§ **PROBLEM**: Please give the records below again in full, exactly, with the images left out.

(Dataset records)

================================

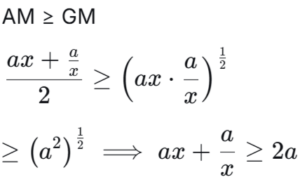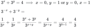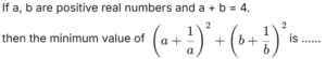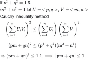 Algebra (Mathematics Chapterwise Solved Papers for Teaching) (Part-2)Theory of Equation and InequationsTotal Questions: 5011. If one root of any equation is (2 – 3i) (where i = √-1), then what is the equation? [DSSSB PGT 2021](a) 𝓍²- 4𝓍+12=0(b) 𝓍²- 4𝓍 + 13 = 0(c) 𝓍²+4𝓍-13= 0(d) 𝓍² + 4𝓍 +12 = 0Correct Answer: (b) 𝓍²- 4𝓍 + 13 = 0Solution:If one root is (2-31) then, other root will be (2+3i) Equation: 𝓍² -(4)𝓍 + (4-9i²) = 0 ⇒ 𝓍²-4𝓍+(4+9) = 0 ⇒ 𝓍²-4𝓍+13 = 012. Solve the following equation. [DSSSB PGT 2021](a) 1/2(b) 1(c) 0(d) -1Correct Answer: (c) 0Solution:13. Arrange the values in ascending order 2⁶³, 3⁴⁵, 5²⁷, 6¹⁸ [DSSSB PGT 2021](a) 2⁶³, 5²⁷, 6¹⁸, 3⁴⁵(b) 5²⁷, 6¹⁸, 2⁶³, 3⁴⁵(c) 3⁴⁵, 5²⁷, 2⁶³, 6¹⁸(d) 6¹⁸, 5²⁷,2⁶³, 3⁴⁵Correct Answer: (d) 6¹⁸, 5²⁷,2⁶³, 3⁴⁵Solution:14. If 3ˣ +3ʸ = 4, then the value of 3⁻ˣ + 3⁻ʸ is - [DSSSB PGT 2021](a) 1/2(b) 4/3(c) 1(d) 3/4Correct Answer: (b) 4/3Solution:15. Solve the following equation: [DSSSB PGT 2021 ](a) -(1/2)(b) 1/2(c) 0(d) 1Correct Answer: (c) 0Solution:16. If the mulitiplication of two roots is -3, then what is the value of 'b' from this equation 2𝓍²- 7𝓍+b=0 [DSSSB PGT 2021](a) -(3/2)(b) +(3/2)(c) -6(d) +6Correct Answer: (c) -6Solution:2𝓍²- 7𝓍+b=0 Product of root = -3 = (b/2) → b = -617. Solve the following equation? [DSSSB PGT 2021](a) 5/3(b) 25/3(c) 25/2(d) 15/5Correct Answer: (c) 25/2Solution:18. If p²+q² = 1 and m²+n² = 1 then- [DSSSB PGT 2021](a) |pq+mn| >1(b) |pq-mn| <1(c) |pm+qn| ≥1(d) |pm+qn| ≤1Correct Answer: (d) |pm+qn| ≤1Solution:19. If a, b, care positive real numbers and 2a+3b+6c = 3, then the minimum value of a²+b²+c² is : [DSSSB PGT 2021](a) 7/49(b) 9/49(c) 8/49(d) 6/49Correct Answer: (b) 9/49Solution:20. For any two positive numbers a and 𝓍, least value of a𝓍 + (a/𝓍) is : [DSSSB PGT 2021](a) a(b) 2a(c) √2a²(d) a²Correct Answer: (b) 2aSolution:Submit Quiz« Previous12345Next »
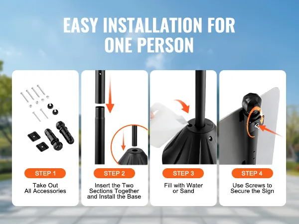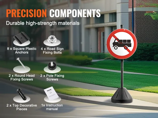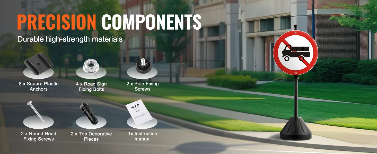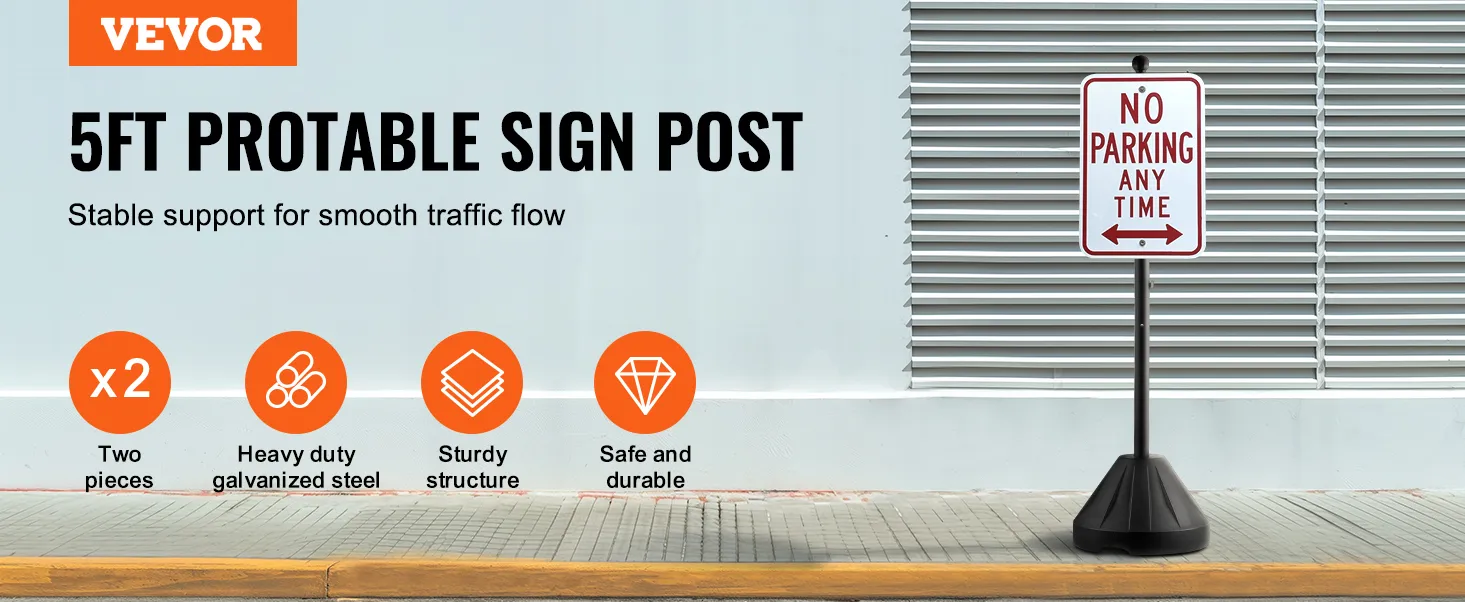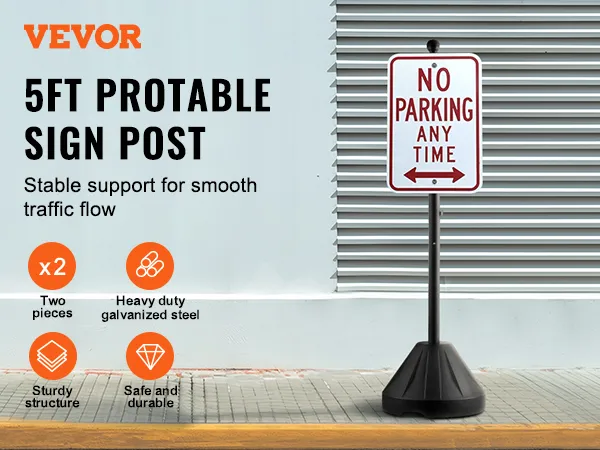 De VEVOR gietijzeren bordpaal heeft een gebruiksvriendelijk ontwerp. Hij wordt geleverd met wielen, zodat u hem gemakkelijk naar elke locatie kunt verplaatsen. Dit maakt hem perfect voor tijdelijke bewegwijzering. De basis kan worden verzwaard met water of zand, zodat hij stabiel blijft in verschillende weersomstandigheden. U hoeft zich geen zorgen te maken dat het bord omvalt. Het maakt niet uit of u een tijdelijke parkeerplaats moet opzetten of voetgangers moet begeleiden bij een evenement, onze bordpaal biedt de flexibiliteit en stabiliteit die u nodig hebt.
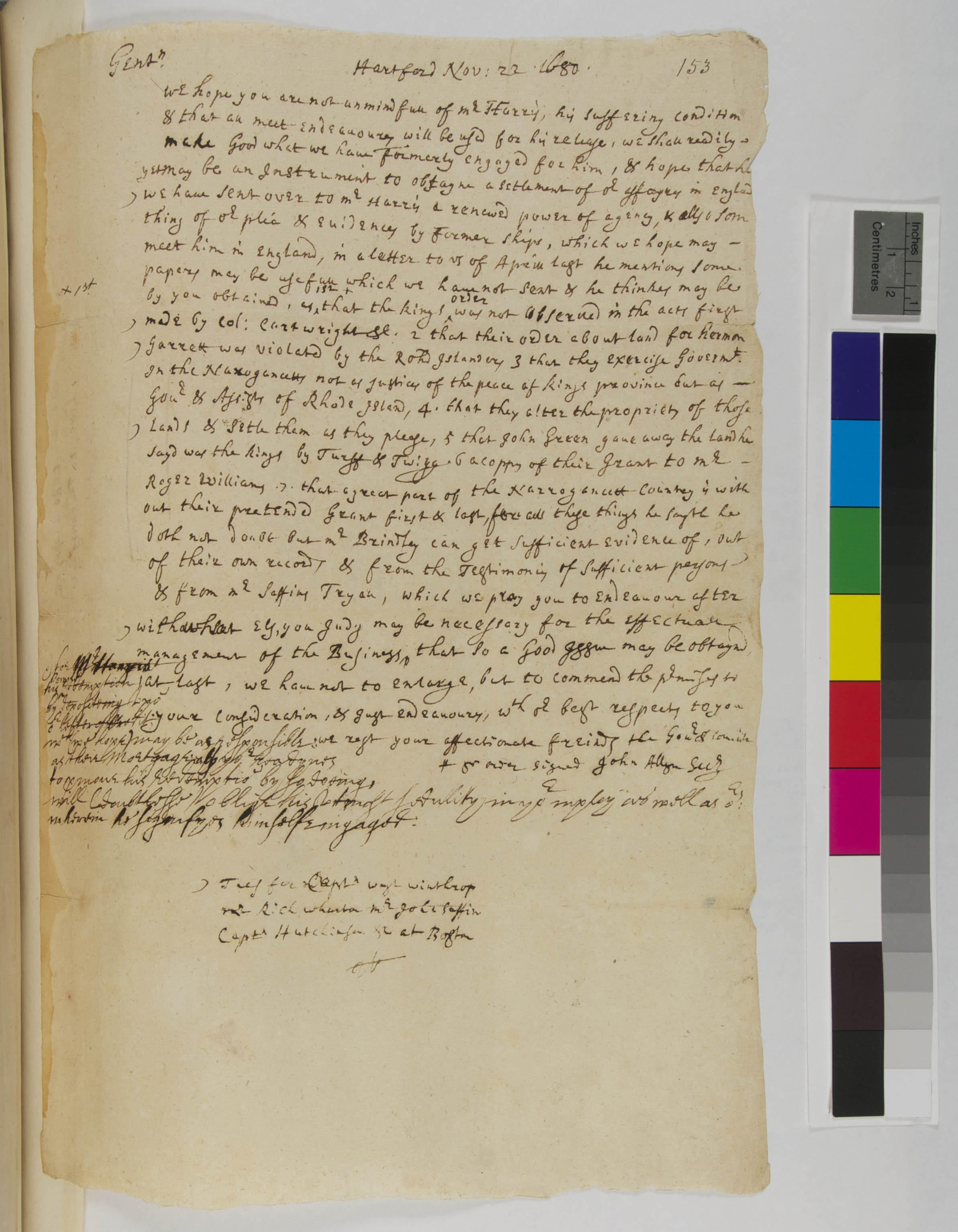 Government -- Colonial -- Colony of Connecticut -- Agents; Government -- Colonial -- Colony of Rhode Island -- Governors; Government -- Colonial -- Colony of Rhode Island -- Justices of the Peace; Government -- Colonial -- Colony of Rhode Island; Government -- Imperial -- Agendas -- Trade/Economy; Land -- Complaints -- Trespass; Land -- Conveyances -- Deed/Title; Land -- Conveyances -- Grants; Law -- Criminal Actions -- Adhering to a Foreign Jurisdiction; Law -- Criminal Actions -- Case Names -- Rex v. John Saffin; Law -- Evidence; Relations -- Colonial Affairs; Relations -- Intercolonial; Relations -- Tribal Affairs; Tribes/Communities -- Narragansett; Tribes/Communities -- Pequot -- Eastern; YIPP -- Colony of Connecticut Collection, 1603-1783; YIPP -- Colony of Rhode Island Collection, 1600-1783
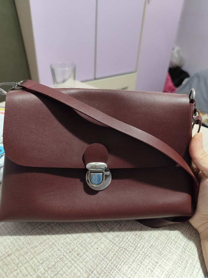 Bordo renkli, tokalı kapaklı, minimalist ve çağdaş tasarıma sahip deri kadın çantası. Günlük kullanım için uygundur. İçi geniş ve ortasında fermuarli yeri var
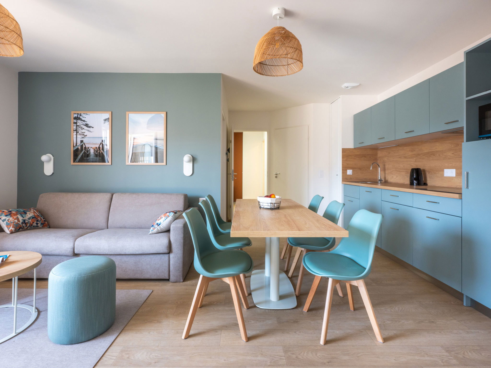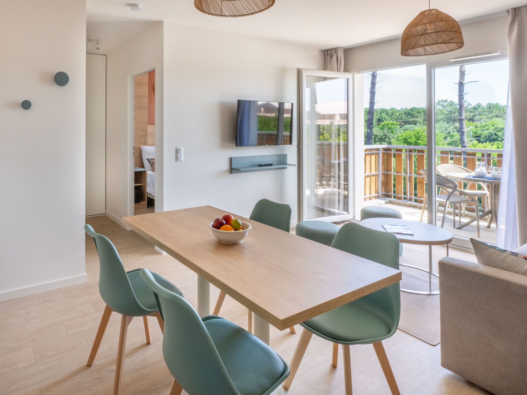 "Bleu Canopée", 4-room apartment 56 m2. Comfortable and beautiful furnishings: living/dining room with 1 sofabed (140 cm, length 90 cm), dining table and TV (flat screen). Exit to the balcony, to the terrace. 1 room with 1 french bed (160 cm, length 200 cm). 2 rooms, each room with 2 beds (90 cm, length 190 cm). Kitchenette (dishwasher, 4 ceramic glass hob hotplates, toaster, kettle, electric coffee machine, combination microwave). Bath/shower, sep. WC. Electric heating. Small balcony or small terrace. Terrace furniture. Facilities: children's high chair, baby cot (extra), hair dryer. Internet (WiFi, free). Please note: maximum 2 pets/ dogs allowed. Smoke alarm. The property is one of a type of property or apartment.
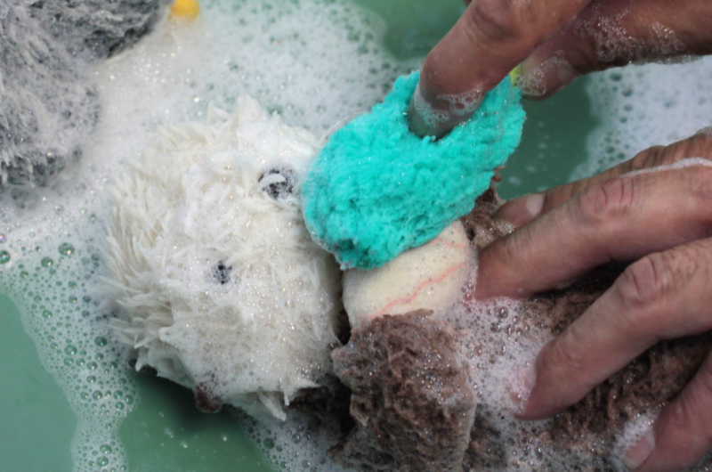 1体ずつ職人が手洗いするからこそ、顔まわりや縫い目、汚れがたまりやすい部分、毛の奥に入り込んだ汚れや黒ずみまで丁寧に落としていくことができます。
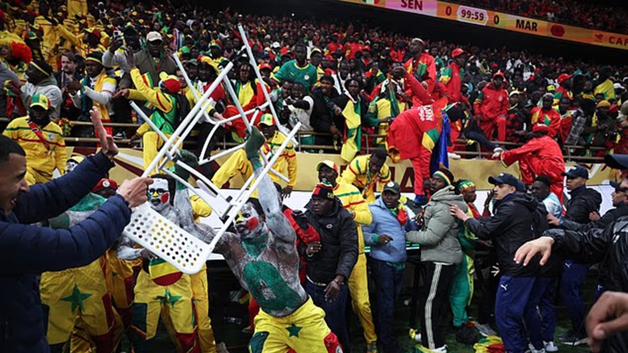Cho rằng trọng tài xử lý thiếu công bằng, HLV Pape Thiaw yêu cầu các học trò rời sân để phản đối. Sadio Mane đã cố gắng giữ các đồng đội ở lại, song bất thành. Căng thẳng nhanh chóng leo thang khi một bộ phận cổ động viên Senegal tràn xuống mặt sân, buộc lực lượng an ninh phải can thiệp để kiểm soát tình hình. Trận đấu bị gián đoạn trong thời gian dài, khiến không khí chung kết trở nên nặng nề và hỗn loạn.
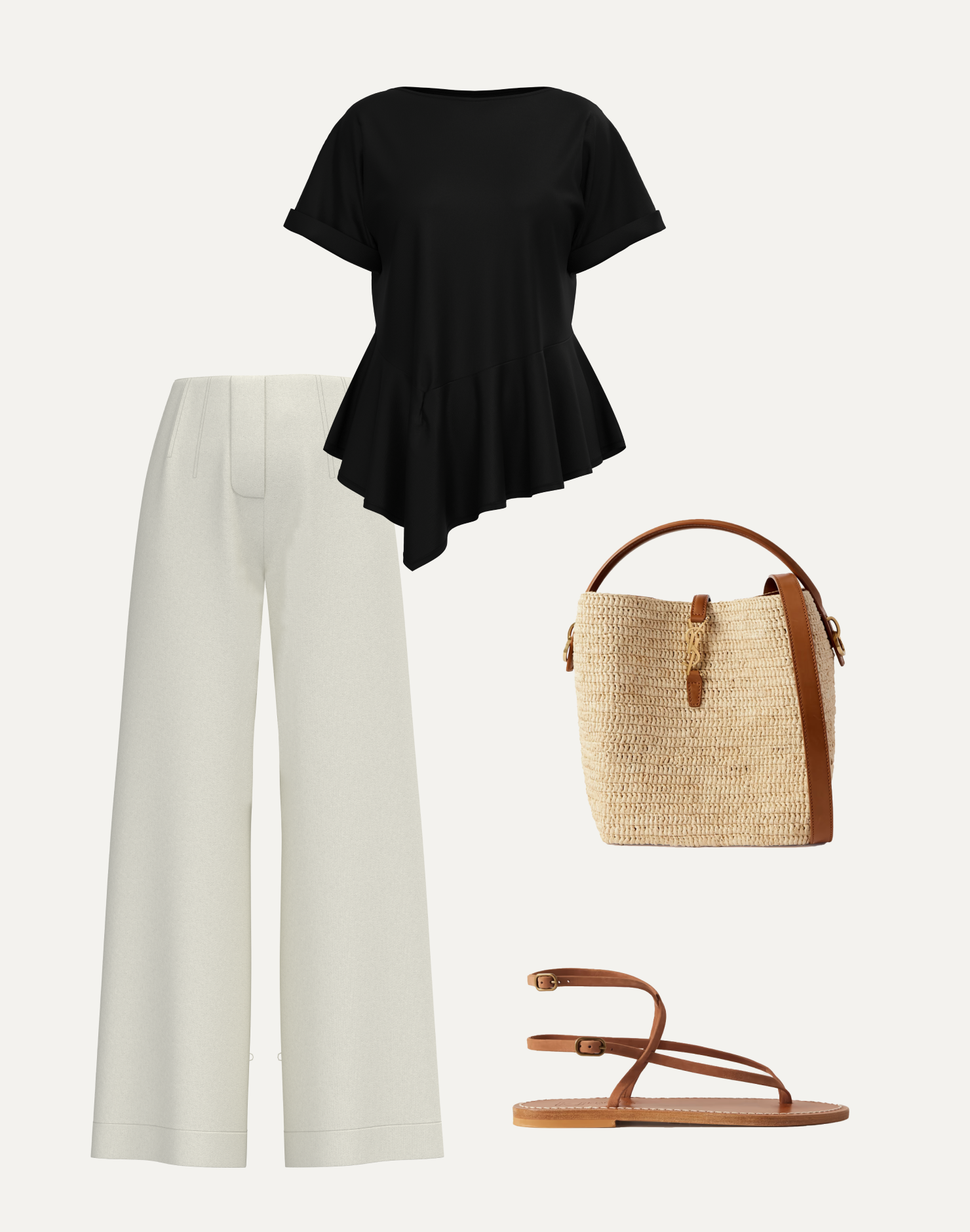 La Camiseta Benthe tiene una silueta de cuello bandeja, corte asimétrico y fit ajustado. Su largo es ideal para combinar con cualquier pantalón y estilizar tu figura.
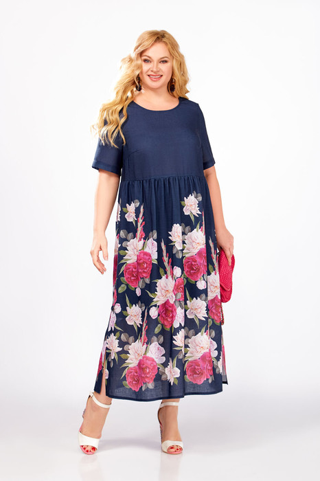 Платье из вискозно-льняной ткани с оригинальным принтом прямого силуэта длиной миди. Платье с отрезной, слегка завышенной линией талии и сборкой по юбке.
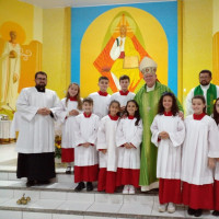 Padre Neimar – Temos o ONDA, CLJ, IVC e os Coroinhas. No Onda um total de 12 crianças, todas na catequese; O CLJ está retomando as atividades depois de oito anos; temos no IVC 70 crianças e adolescentes e um total de 15 Coroinhas. Eles são o presente, pensando no futuro da paróquia.

================================

§ **ANSWER TO THE EXERCISE**:
 Algebra (Mathematics Chapterwise Solved Papers for Teaching) (Part-2)Theory of Equation and InequationsTotal Questions: 5011. If one root of any equation is (2 – 3i) (where i = √-1), then what is the equation? [DSSSB PGT 2021](a) 𝓍²- 4𝓍+12=0(b) 𝓍²- 4𝓍 + 13 = 0(c) 𝓍²+4𝓍-13= 0(d) 𝓍² + 4𝓍 +12 = 0Correct Answer: (b) 𝓍²- 4𝓍 + 13 = 0Solution:If one root is (2-31) then, other root will be (2+3i) Equation: 𝓍² -(4)𝓍 + (4-9i²) = 0 ⇒ 𝓍²-4𝓍+(4+9) = 0 ⇒ 𝓍²-4𝓍+13 = 012. Solve the following equation. [DSSSB PGT 2021](a) 1/2(b) 1(c) 0(d) -1Correct Answer: (c) 0Solution:13. Arrange the values in ascending order 2⁶³, 3⁴⁵, 5²⁷, 6¹⁸ [DSSSB PGT 2021](a) 2⁶³, 5²⁷, 6¹⁸, 3⁴⁵(b) 5²⁷, 6¹⁸, 2⁶³, 3⁴⁵(c) 3⁴⁵, 5²⁷, 2⁶³, 6¹⁸(d) 6¹⁸, 5²⁷,2⁶³, 3⁴⁵Correct Answer: (d) 6¹⁸, 5²⁷,2⁶³, 3⁴⁵Solution:14. If 3ˣ +3ʸ = 4, then the value of 3⁻ˣ + 3⁻ʸ is - [DSSSB PGT 2021](a) 1/2(b) 4/3(c) 1(d) 3/4Correct Answer: (b) 4/3Solution:15. Solve the following equation: [DSSSB PGT 2021 ](a) -(1/2)(b) 1/2(c) 0(d) 1Correct Answer: (c) 0Solution:16. If the mulitiplication of two roots is -3, then what is the value of 'b' from this equation 2𝓍²- 7𝓍+b=0 [DSSSB PGT 2021](a) -(3/2)(b) +(3/2)(c) -6(d) +6Correct Answer: (c) -6Solution:2𝓍²- 7𝓍+b=0 Product of root = -3 = (b/2) → b = -617. Solve the following equation? [DSSSB PGT 2021](a) 5/3(b) 25/3(c) 25/2(d) 15/5Correct Answer: (c) 25/2Solution:18. If p²+q² = 1 and m²+n² = 1 then- [DSSSB PGT 2021](a) |pq+mn| >1(b) |pq-mn| <1(c) |pm+qn| ≥1(d) |pm+qn| ≤1Correct Answer: (d) |pm+qn| ≤1Solution:19. If a, b, care positive real numbers and 2a+3b+6c = 3, then the minimum value of a²+b²+c² is : [DSSSB PGT 2021](a) 7/49(b) 9/49(c) 8/49(d) 6/49Correct Answer: (b) 9/49Solution:20. For any two positive numbers a and 𝓍, least value of a𝓍 + (a/𝓍) is : [DSSSB PGT 2021](a) a(b) 2a(c) √2a²(d) a²Correct Answer: (b) 2aSolution:Submit Quiz« Previous12345Next »
 De VEVOR gietijzeren bordpaal heeft een gebruiksvriendelijk ontwerp. Hij wordt geleverd met wielen, zodat u hem gemakkelijk naar elke locatie kunt verplaatsen. Dit maakt hem perfect voor tijdelijke bewegwijzering. De basis kan worden verzwaard met water of zand, zodat hij stabiel blijft in verschillende weersomstandigheden. U hoeft zich geen zorgen te maken dat het bord omvalt. Het maakt niet uit of u een tijdelijke parkeerplaats moet opzetten of voetgangers moet begeleiden bij een evenement, onze bordpaal biedt de flexibiliteit en stabiliteit die u nodig hebt.
 Government -- Colonial -- Colony of Connecticut -- Agents; Government -- Colonial -- Colony of Rhode Island -- Governors; Government -- Colonial -- Colony of Rhode Island -- Justices of the Peace; Government -- Colonial -- Colony of Rhode Island; Government -- Imperial -- Agendas -- Trade/Economy; Land -- Complaints -- Trespass; Land -- Conveyances -- Deed/Title; Land -- Conveyances -- Grants; Law -- Criminal Actions -- Adhering to a Foreign Jurisdiction; Law -- Criminal Actions -- Case Names -- Rex v. John Saffin; Law -- Evidence; Relations -- Colonial Affairs; Relations -- Intercolonial; Relations -- Tribal Affairs; Tribes/Communities -- Narragansett; Tribes/Communities -- Pequot -- Eastern; YIPP -- Colony of Connecticut Collection, 1603-1783; YIPP -- Colony of Rhode Island Collection, 1600-1783
 Bordo renkli, tokalı kapaklı, minimalist ve çağdaş tasarıma sahip deri kadın çantası. Günlük kullanım için uygundur. İçi geniş ve ortasında fermuarli yeri var
 "Bleu Canopée", 4-room apartment 56 m2. Comfortable and beautiful furnishings: living/dining room with 1 sofabed (140 cm, length 90 cm), dining table and TV (flat screen). Exit to the balcony, to the terrace. 1 room with 1 french bed (160 cm, length 200 cm). 2 rooms, each room with 2 beds (90 cm, length 190 cm). Kitchenette (dishwasher, 4 ceramic glass hob hotplates, toaster, kettle, electric coffee machine, combination microwave). Bath/shower, sep. WC. Electric heating. Small balcony or small terrace. Terrace furniture. Facilities: children's high chair, baby cot (extra), hair dryer. Internet (WiFi, free). Please note: maximum 2 pets/ dogs allowed. Smoke alarm. The property is one of a type of property or apartment.
 1体ずつ職人が手洗いするからこそ、顔まわりや縫い目、汚れがたまりやすい部分、毛の奥に入り込んだ汚れや黒ずみまで丁寧に落としていくことができます。
Cho rằng trọng tài xử lý thiếu công bằng, HLV Pape Thiaw yêu cầu các học trò rời sân để phản đối. Sadio Mane đã cố gắng giữ các đồng đội ở lại, song bất thành. Căng thẳng nhanh chóng leo thang khi một bộ phận cổ động viên Senegal tràn xuống mặt sân, buộc lực lượng an ninh phải can thiệp để kiểm soát tình hình. Trận đấu bị gián đoạn trong thời gian dài, khiến không khí chung kết trở nên nặng nề và hỗn loạn.
 La Camiseta Benthe tiene una silueta de cuello bandeja, corte asimétrico y fit ajustado. Su largo es ideal para combinar con cualquier pantalón y estilizar tu figura.
 Платье из вискозно-льняной ткани с оригинальным принтом прямого силуэта длиной миди. Платье с отрезной, слегка завышенной линией талии и сборкой по юбке.
 Padre Neimar – Temos o ONDA, CLJ, IVC e os Coroinhas. No Onda um total de 12 crianças, todas na catequese; O CLJ está retomando as atividades depois de oito anos; temos no IVC 70 crianças e adolescentes e um total de 15 Coroinhas. Eles são o presente, pensando no futuro da paróquia.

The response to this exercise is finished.